Optimizing Storage With Storage Classes

S3 offers a variety of storage classes, each with different pricing based on access frequency. Here's how to leverage them:

Automated Cost Management Using Terraform Configuration

Shell
 
# Configure AWS Provider

provider "aws" {

  region = "us-east-1" # Replace with your desired region

}



# Define your S3 Bucket

resource "aws_s3_bucket" "my_bucket" {

  bucket = "my-bucket-name"

  acl    = "private"

}



# Define Lifecycle Policy with transition rules

resource "aws_s3_bucket_lifecycle_configuration" "lifecycle_rules" {

  bucket = aws_s3_bucket.my_bucket.id



  rule {

    id     = "transition-to-ia-and-glacier"

    status = "Enabled"



    # Transition to S3 Standard-Infrequent Access after 90 days

    transition {

      days          = 90

      storage_class = "STANDARD_IA"

    }



    # Transition to Glacier storage after 1 year in S3

    transition {

      days          = 180

      storage_class = "GLACIER"

    }

  }

}


Explanation

  1. Provider configuration and S3 bucket definition: These remain the same as in the previous example.
  2. S3 lifecycle policy: Similar to before, this defines the lifecycle rules for the S3 bucket.
  3. Lifecycle rule: The rule uses the same structure but has two transition actions defined within a single rule block.
    1. First transition: Objects are transitioned to the S3 Standard-Infrequent Access (STANDARD_IA) storage class after 90 days (adjustable based on your needs). This provides a cost-effective option for data accessed less frequently than daily but still requires faster retrieval times compared to Glacier.
    2. Second transition: After spending 180 days in S3-IA (again, customize this period), objects are transitioned to the Glacier storage class for the most cost-effective long-term archival.

Benefits of this Approach

Additional Considerations

Remember, retrieving data from Glacier incurs retrieval fees, so factor in access needs when defining transition times.

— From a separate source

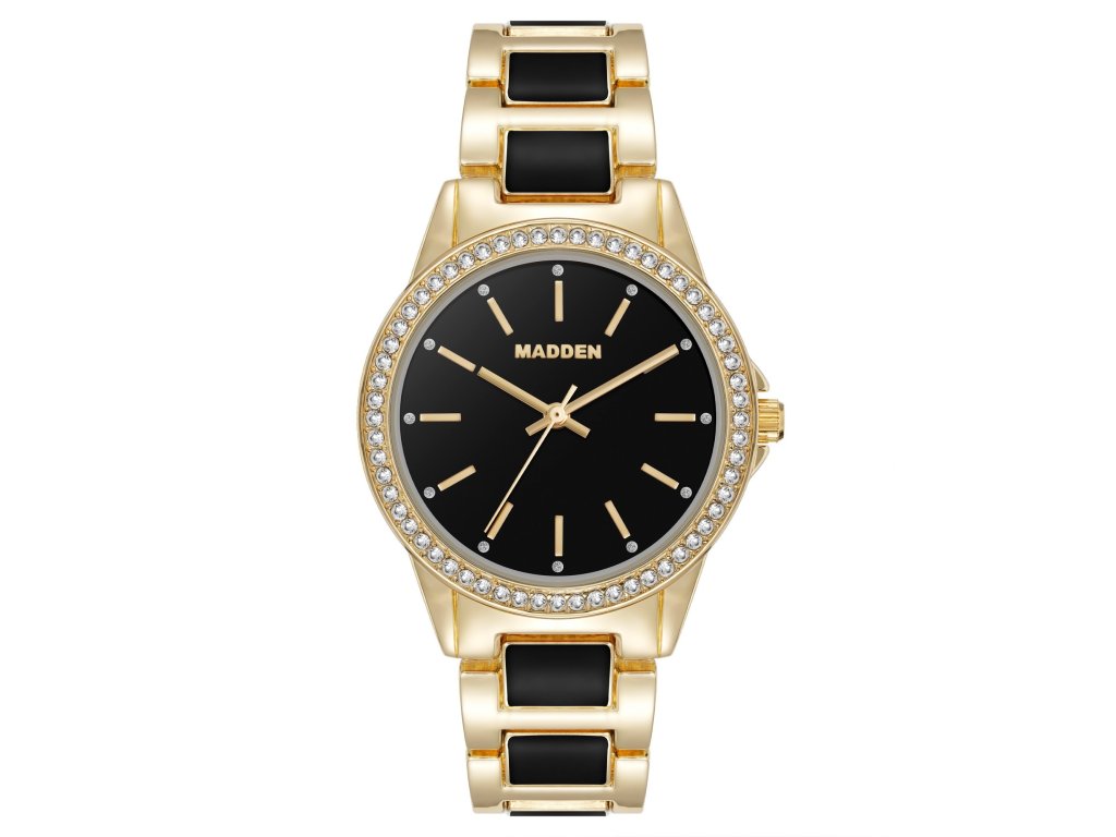 Dámske hodinky od značky Steve Madden v sebe spájajú výrazný pôvab, moderné sebavedomie a ženskú eleganciu. Kombinácia zlato-čiernych tónov, trblietavých kryštálov a tmavého ciferníka pôsobí ako očarujúci šperk, ktorý dodá každému oblečeniu šmrnc a výnimočnosť.

Explore using S3 Intelligent-Tiering if you have unpredictable data access patterns, as it automatically manages object movement between storage classes.

Additional Cost-Saving Strategies

Incomplete Multipart Uploads

Multipart uploads are a method for efficiently uploading large files to S3. It breaks the file into smaller chunks, uploads them individually, and then S3 reassembles them on the backend.

How Multipart Uploads Work

Imagine uploading a large video file to S3. With multipart uploads, S3 allows you to split the video into smaller, more manageable parts (e.g., 10 MB each). Each part is uploaded as a separate request to S3. After all parts are uploaded successfully, you send a final "complete multipart upload" instruction to S3. S3 then reassembles the individual parts into the original video file.

Incomplete Multipart Uploads

Problems can arise during the upload process. An internet outage, application crash, or other issue might interrupt the upload before all parts are sent. In such scenarios, S3 won't have all the pieces to create the complete file. These interrupted uploads are called "Incomplete Multipart Uploads."

Why They Matter

Although the complete file isn't created, S3 still stores the uploaded parts. These leftover parts occupy storage space and you get billed for them. If you have many incomplete multipart uploads, it can significantly inflate your S3 storage costs. Additionally, they clutter your S3 bucket, making it harder to manage your data.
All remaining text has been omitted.